Solution to Gulf countries’ food scarcity lies in Africa

Author: 
Marie Lillo
Publication Date: 
Mon, 2008-06-30 03:00

Sky rocketing food inflation partly triggered by shortages and rising transportation costs have curtailed food availabilities throughout many parts of the world. At times, this has led to significant social unrest and international political tensions.

For the GCC states, ensuring medium- to long-term food security has to be a top policy priority, in order to avoid similar difficulties. As it stands, according to a Gulf Research Center (GRC) report on food inflation, in absolute numbers Saudi Arabia is the largest Arab food importer in the GCC followed by the United Arab Emirates and Kuwait. In 2007, total GCC food imports hit $10 billion, $3 billion of which accrued to the UAE.

When it comes to food security, Africa has gained a new degree of strategic importance. The continent is seen by many as providing a short- as well as long-term answer to the current crisis. Already, countries such as China have begun to look earnestly into this direction, generating new dynamics of power with the onset of a competition for farmland and investments in agro-businesses. As a result and in the light of this race for supplies and the possible longevity of the crisis, the GCC states should think of establishing a strategic partnership with Africa to prepare for future challenges in the region.
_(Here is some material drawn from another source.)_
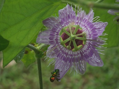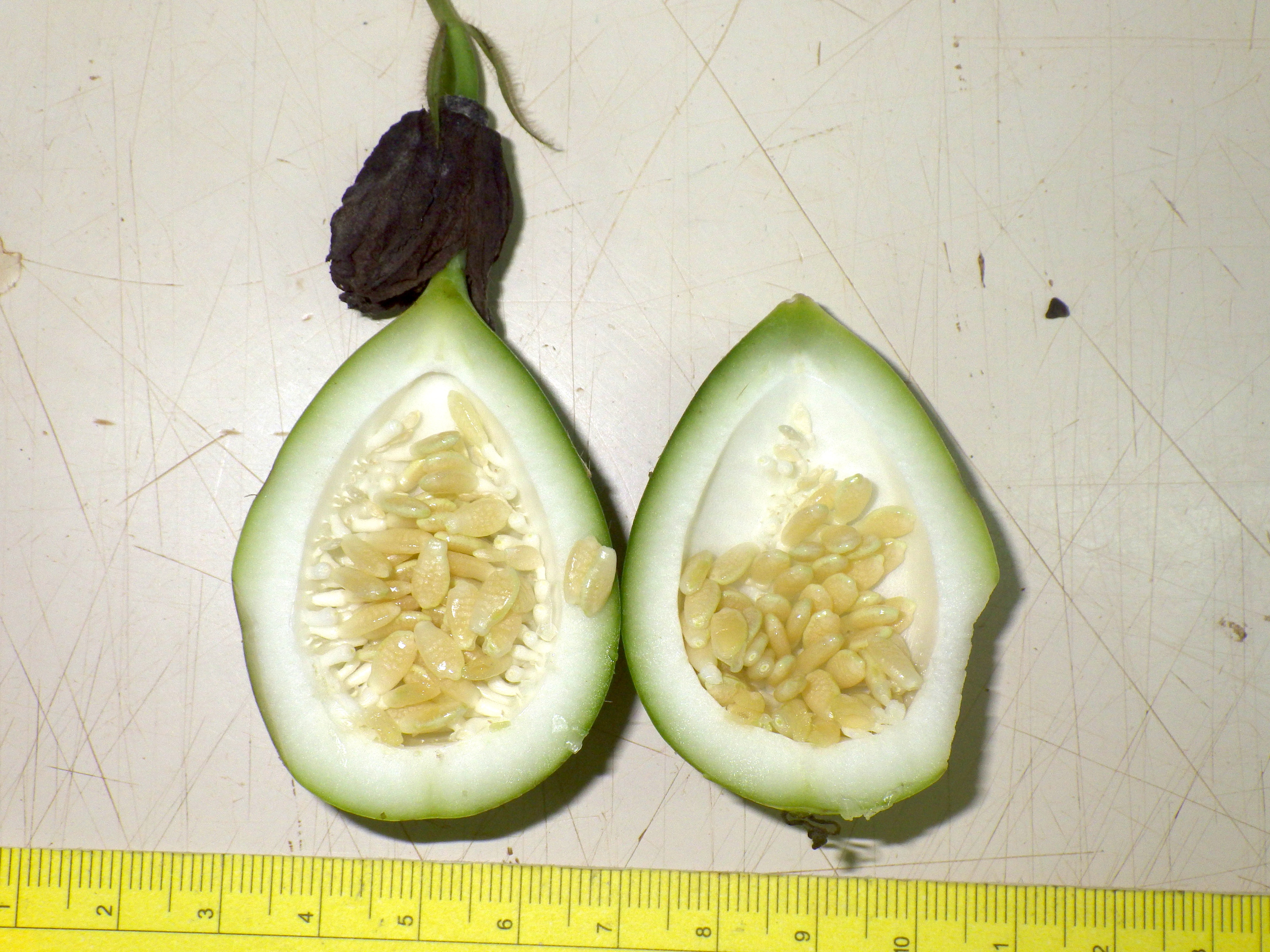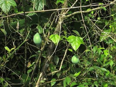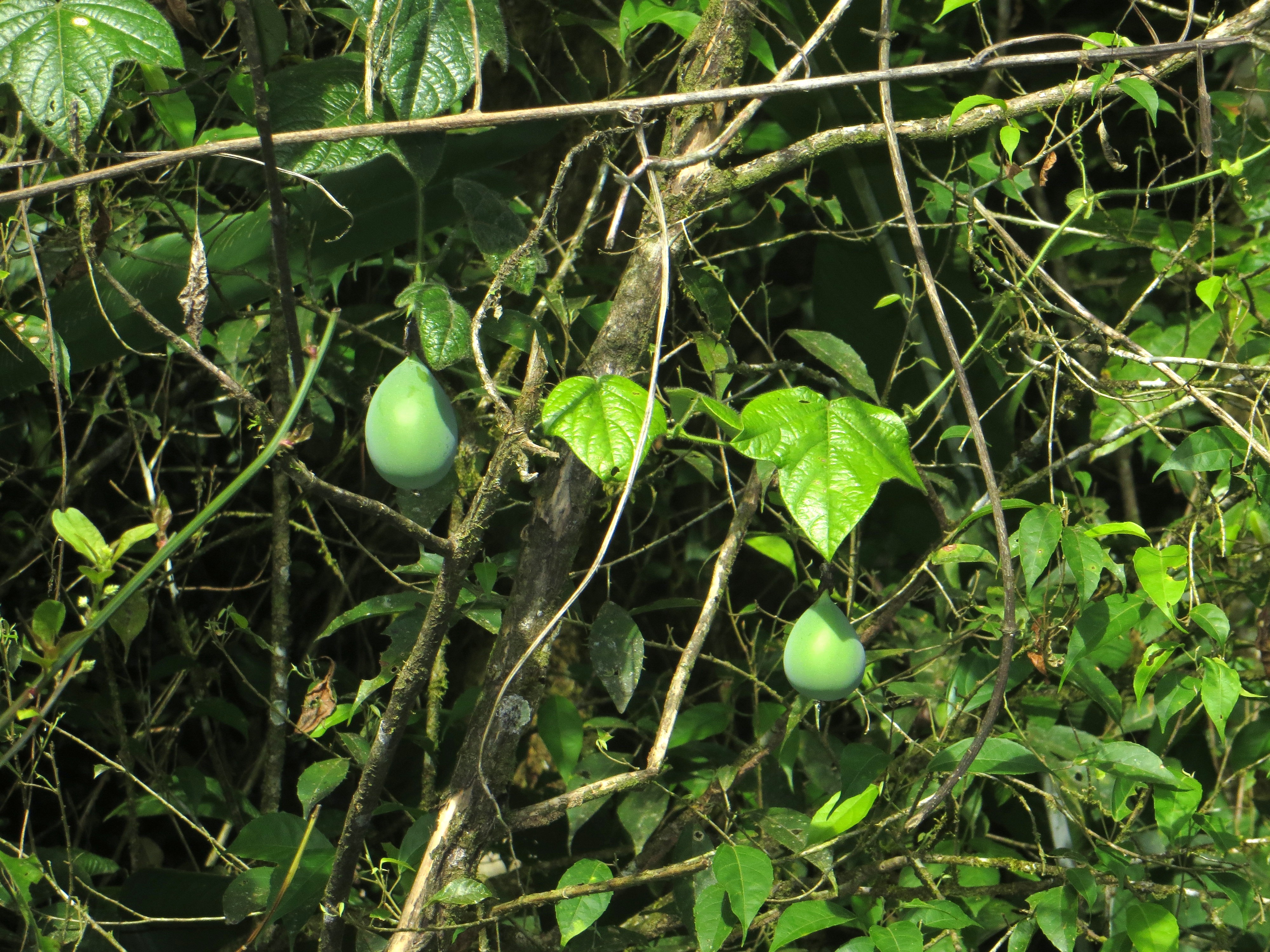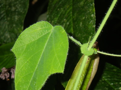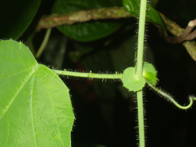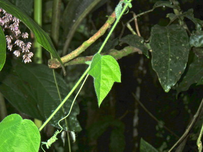 P. menispermifolia is found mainly in second growth areas and on the edges of clearings. The leaves of this species are relatively thick, and are covered with long fine hairs. The petioles bear long stalked nectaries very much like the nectaries of the closely related P. oerstedii, and are probably visited by parasitic hymentoptera such as Trichogramma or scelionid egg parasitoids. P. menispermifolia and P. oerstedii are closely related and belong to Passiflora section Granadillastrum. Range: Nicaragua to Peru, Bolivia and western Brazil. Widespread in Costa Rica in wet forest from 0 to 1200 meters elevation, along roads in secondary forest.

As land in China becomes scarce, its water more polluted and its population growth soars, the necessity to diversify its food imports is crucial. Consequently, China has taken a lead in efforts to boost Africa’s farm production. At the China-Africa summit in November 2006, it was agreed that Beijing will set up, among many other projects, 10 agricultural centers in Africa.

Some of the GCC countries have also started to react to the food crisis as its effects are already felt by the local population. The GCC states are particularly vulnerable to food shortages as their agricultural sector, which is already limited in size and capacity, is declining and suffering from water scarcity. This is also occurring at a time when the GCC countries are experiencing exponential demographic growth. Consequently, authorities have called for securing and building up of food reserves by diversifying sources of imports as well as agricultural investments.

However, the clock is ticking and the competition for influence in supplier countries is getting fiercer. Within a short time, it will be harder to secure farmlands in Africa and elsewhere. Given the rising competition, there is an urgent need to look at how the GCC states should approach Africa and how the Arab Gulf States can build a strong and lasting partnership with African countries.

The GCC states should carefully plan their response to the pressing needs of their fast-growing economies in order to ensure that their activities do not turn into a damaging venture for African nations. Indeed, foreign investments can sometimes prove harmful for the recipient countries as self-interest prevails and the impact on the local population is overlooked. The result of such policies is discontent and instability which is not in the interest of the investors.

For example, oil trade has not always been a blessing for some African countries. The main problem lies in the fact that the wealth generated by the oil business has failed to benefit most of the population and the intrusive process of oil extraction has drastically reduced the ability of communities to engage in traditional economic activities.

In the case of Nigeria, the Niger Delta holds the largest mangrove forest in Africa but polluting oil operations have decimated its ecologically crucial habitat making fishing and agriculture no longer possible in many communities.

To avoid a repetition of such negative outcome, the GCC states must focus on building a mutually beneficial and solid strategic partnership with Africa in order to answer needs and interests on both sides. This would include both opening channels for food security supply to the GCC countries while at the same time supporting infrastructure development in African nations so that growing food supply can provide for both local as well as external demand.

Investment in the African agricultural development would play a crucial role in building this partnership. It would directly profit the development of some regions especially if investments are dedicated to small-scale farmers as roughly 65 percent of Sub-Saharan Africa’s population relies on subsistence farming. Their production though suffers from a substantial lack of infrastructure such as good roads, irrigation systems or agricultural techniques. Heavy investments in infrastructure and technology would thus answer the demand for food in Africa.

Such need is particularly pressing as the population of Africa is growing exponentially. It is expected that by 2040, its population will have doubled, reaching 1.4 billion people. As a result, unless food production is increased to meet future local demand, political instability will occur thereby threatening both outside investment and future supply. To avoid this, GCC investment should be worked out in close partnership with African nations in order to ensure that money is being spent on meeting local requirements in conjunction with the priorities of the external investors. To focus on short-term rates of return is both insufficient and dangerous.

As Africa becomes the stage of a renewed international race for natural resources, the GCC states which are becoming part of the game must look at the continent as a long-term partner and not as a quick fix for a burning crisis. Both regions have distinctive self-interests which nevertheless can be served and pursued for the benefit of all.

(Marie Lillo is a researcher and the GCC-Africa moderator at the Gulf Research Center (GRC) in Dubai.)